**GIVEN INFORMATION:**
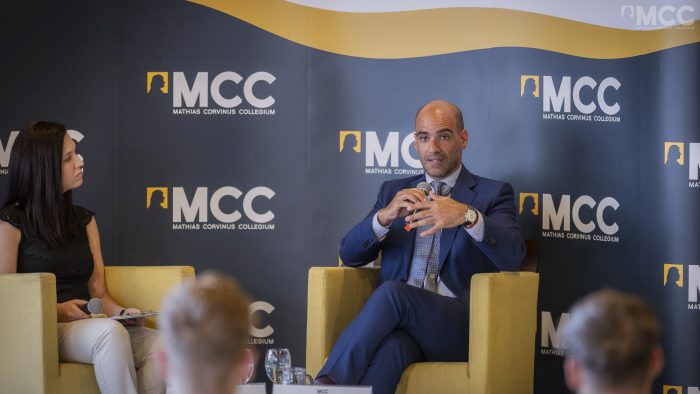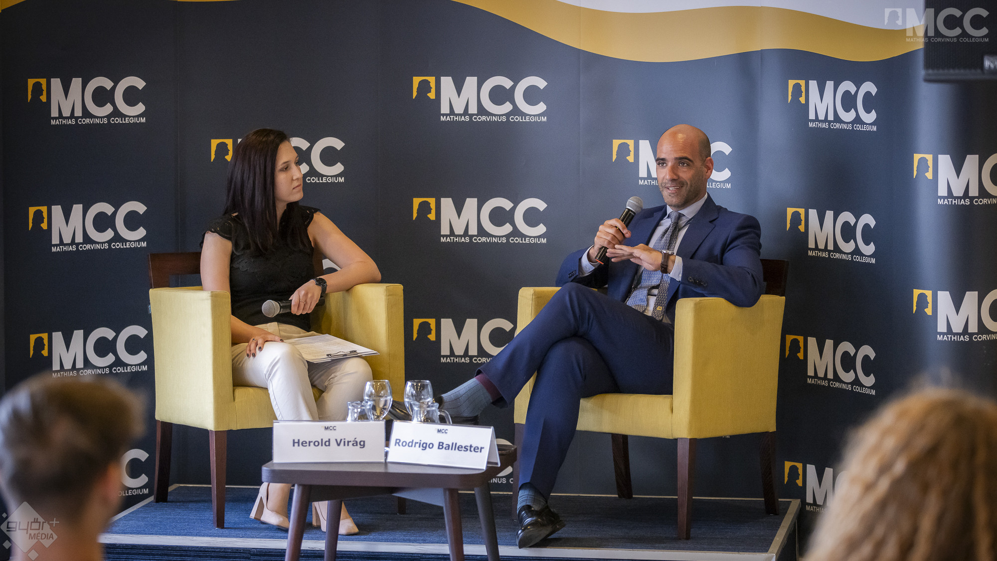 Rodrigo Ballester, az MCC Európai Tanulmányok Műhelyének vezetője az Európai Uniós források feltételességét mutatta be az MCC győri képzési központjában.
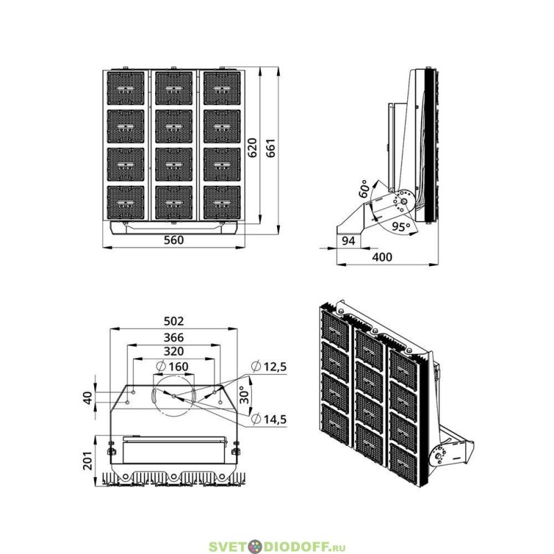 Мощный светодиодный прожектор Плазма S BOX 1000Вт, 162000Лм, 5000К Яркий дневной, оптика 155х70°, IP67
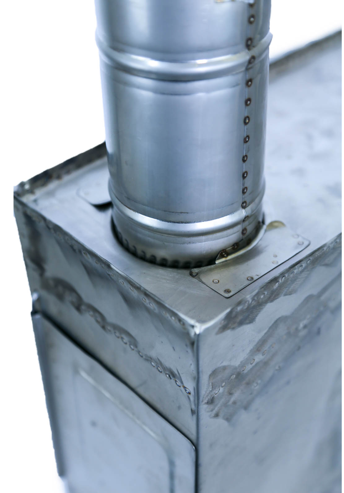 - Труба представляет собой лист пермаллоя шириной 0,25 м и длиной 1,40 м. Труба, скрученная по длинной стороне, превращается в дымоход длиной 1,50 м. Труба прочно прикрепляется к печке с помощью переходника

**EXERCISE DETAILS:** Give back the listing exactly, without a single picture.

**OUTPUT FOR THIS TASK:**
 Rodrigo Ballester, az MCC Európai Tanulmányok Műhelyének vezetője az Európai Uniós források feltételességét mutatta be az MCC győri képzési központjában.
 Мощный светодиодный прожектор Плазма S BOX 1000Вт, 162000Лм, 5000К Яркий дневной, оптика 155х70°, IP67
 - Труба представляет собой лист пермаллоя шириной 0,25 м и длиной 1,40 м. Труба, скрученная по длинной стороне, превращается в дымоход длиной 1,50 м. Труба прочно прикрепляется к печке с помощью переходника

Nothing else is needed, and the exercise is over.